Возвратится ли она, однако, на Елисейские поля? На другой день ее там не было; но затем я снова увидел ее; я все время бродил вокруг места, где она играла со своими подругами, и стал настолько привычной для нее фигурой, что однажды, когда девочки не собрались в нужном количестве для игры в пятнашки, она обратилась ко мне с просьбой, не хочу ли я присоединиться к ним, и с тех пор я играл с ней каждый раз, как она приходила на Елисейские поля.
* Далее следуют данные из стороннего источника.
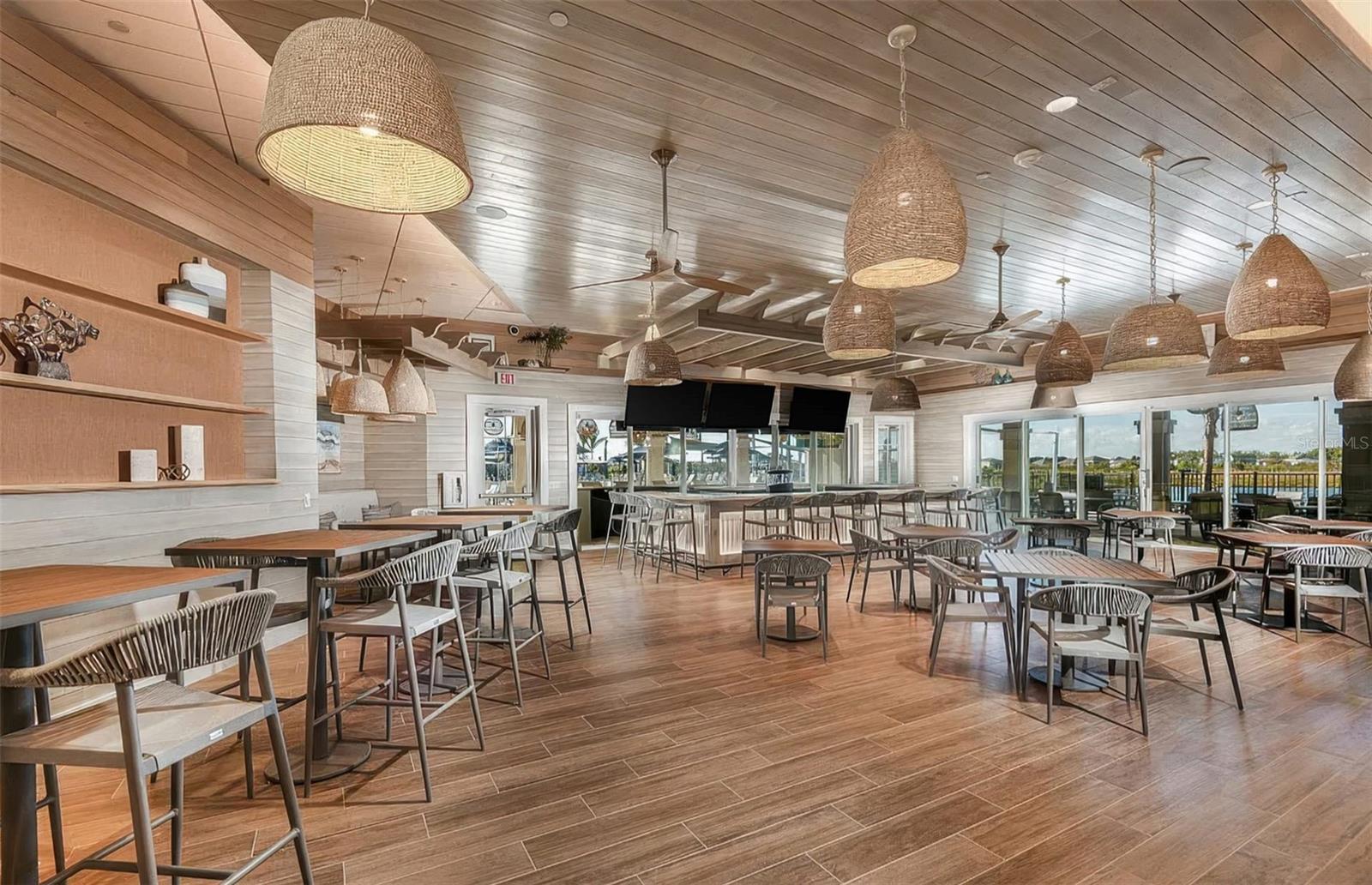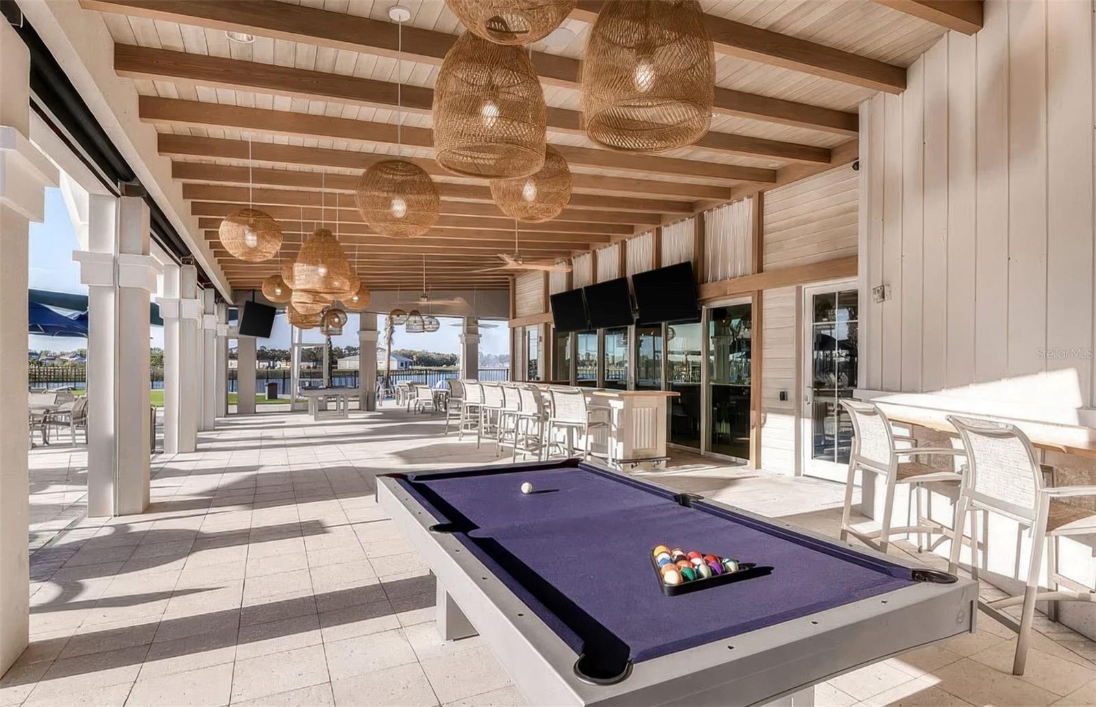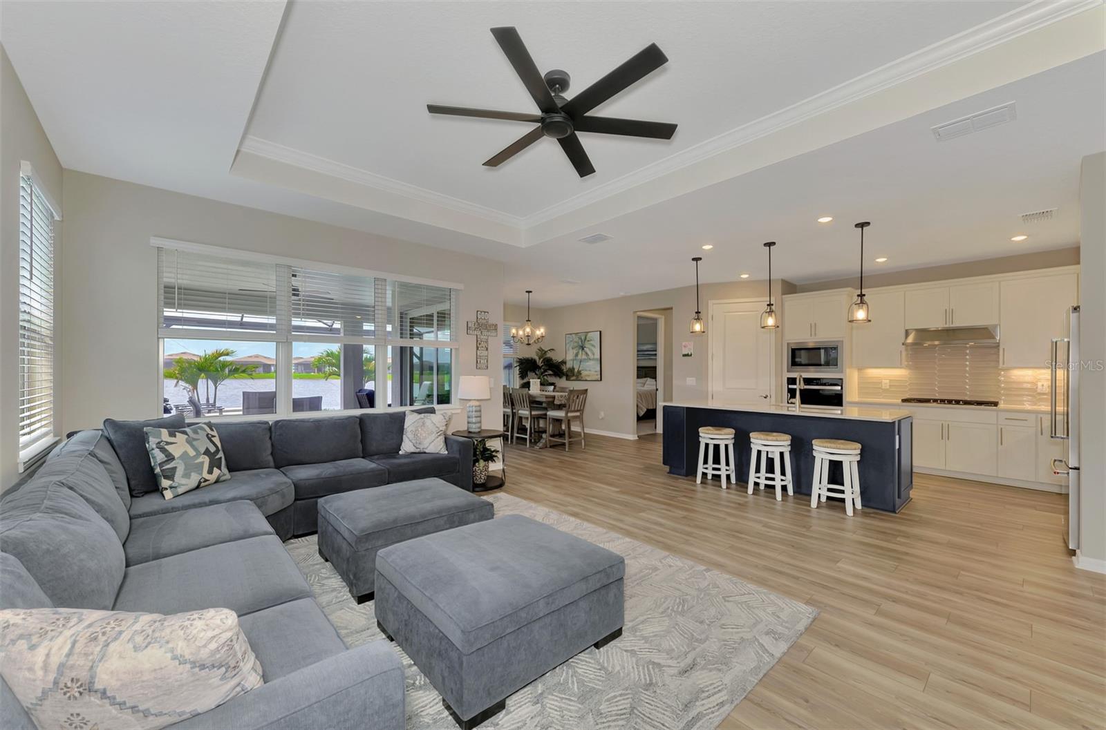 Enjoy resort style living in the highly sought after 55+ Del Webb at Bay View community. This 2024 built popular Mystique floor is situated on a premium water lot with sweeping lake views and offers stunning curb appeal. Exterior upgrades include tropical landscaping, flower bed curbing with ornamental rock garden around the entire perimeter, and industrial quality low voltage landscaping lighting. The driveway was also widened on each side. The oversized lanai off the back offers ample space to relax and unwind, and the current owner installed an after-market custom pool. The heated saltwater pool includes a pebble tec interior, beautiful decorative pavers, and a clear view screen to enjoy an unobstructed view of the water. The home was constructed with HURRICANE IMPACT GLASS and DOORS giving you peace of mind, and the floor plan was modified to include 3 bedrooms plus a den/office. Inside you will find a lavishly upgraded interior as you step through the glass front door. A welcoming foyer is adorned with luxury vinyl plank floors that run throughout the main living spaces, and you will appreciate other upgrades such as 8-foot doors, tray ceilings, and designer light fixtures and fans that can be found throughout. The kitchen was modified at the time of construction to the built-in gourmet package and features upgraded cabinetry with dovetail constructed drawers, soft close doors and drawers throughout, built-in stainless steel appliances with upgraded refrigerator, decorative backsplash with quartz countertops, a large single bowl granite sink, and under cabinet lighting. There is also a generous sized pantry for extra storage. The large living room is flooded with light and enjoys lake views from every angle, and the dining area is the perfect place to throw a lavish dinner party or enjoy a quiet low-key meal at home. The primary suite is sure to impress with a custom built-in closet, and an en suite spa inspired bathroom with large walk-in shower and dual sink vanity with extra storage. Enjoy the lake view right from the comfort of your bed on those lazy mornings. Back at the front of the house just off the foyer, you will find a light filled guest bedroom and a second full bathroom that was upgraded with tile to the ceiling and beautiful quartz countertops. On the opposite side of the foyer, you will find the third bedroom making each bedroom in the home absolutely private. In addition to the 3 bedrooms there is a den/office with double door entry that has a built-in desk accented with under cabinet lighting that was custom designed and installed. There is a large laundry room with extra built-ins with folding station and a luxury washer and dryer package. The garage was finished with an epoxy floor and tons of built-in shelving for staying organized, and there is even a 50 AMP generator plug hook up for a back feed generator should you need it. Enjoy world class amenities that include the 22,562 sf Driftwood Clubhouse, a heated resort style pool, state of the art fitness center, tennis and pickleball courts, bocce ball, event lawn and amphitheater, dog park, fire pit, community garden, demo kitchen and craft room, and tons of walking paths. The community includes a full-time lifestyle director and a guard gated entry. With the onsite restaurant The Sailfish Bar and Grille, you will feel like you are always on vacation. Enjoy maintenance free living with lawn maintenance included in your HOA fee as well as cable and internet.

Но это случалось не каждый день; бывали дни, когда ей мешали приходить туда уроки, катехизис, приглашенные к завтраку гости, вся ее жизнь, непроницаемой стеной отделенная от моей жизни, та жизнь, сгусток которой заключен был в имени Жильберта и которая дважды болезненно коснулась меня, проносясь мимо: у живой изгороди из боярышника в Комбре и на лужайке Елисейских полей. Она заранее объявляла, что в такие дни мы не увидим ее; если причиной этого были ее уроки, она говорила: «Как досадно, мне нельзя будет прийти завтра; вы все будете играть здесь без меня» – с видом сожаления, немного утешавшим меня; но зато, когда она бывала приглашена на детское утро, и я, не зная об этом, спрашивал ее, придет ли она завтра играть, она отвечала: «Надеюсь, что нет! Надеюсь, что мама позволит мне пойти к моей подруге». Но, по крайней мере, я знал, что в такие дни не увижу ее, тогда как случалось, что и без всякого предупреждения мать увозила ее с собой на прогулку, и на другой день она говорила: «Ах да! Вчера я выезжала с мамой», словно это было нечто как нельзя более естественное, а вовсе не величайшее, какое только можно вообразить, несчастье для другого лица. Бывали также ненастные дни, когда гувернантка, очень боявшаяся дождя, сама не желала вести ее на Елисейские поля.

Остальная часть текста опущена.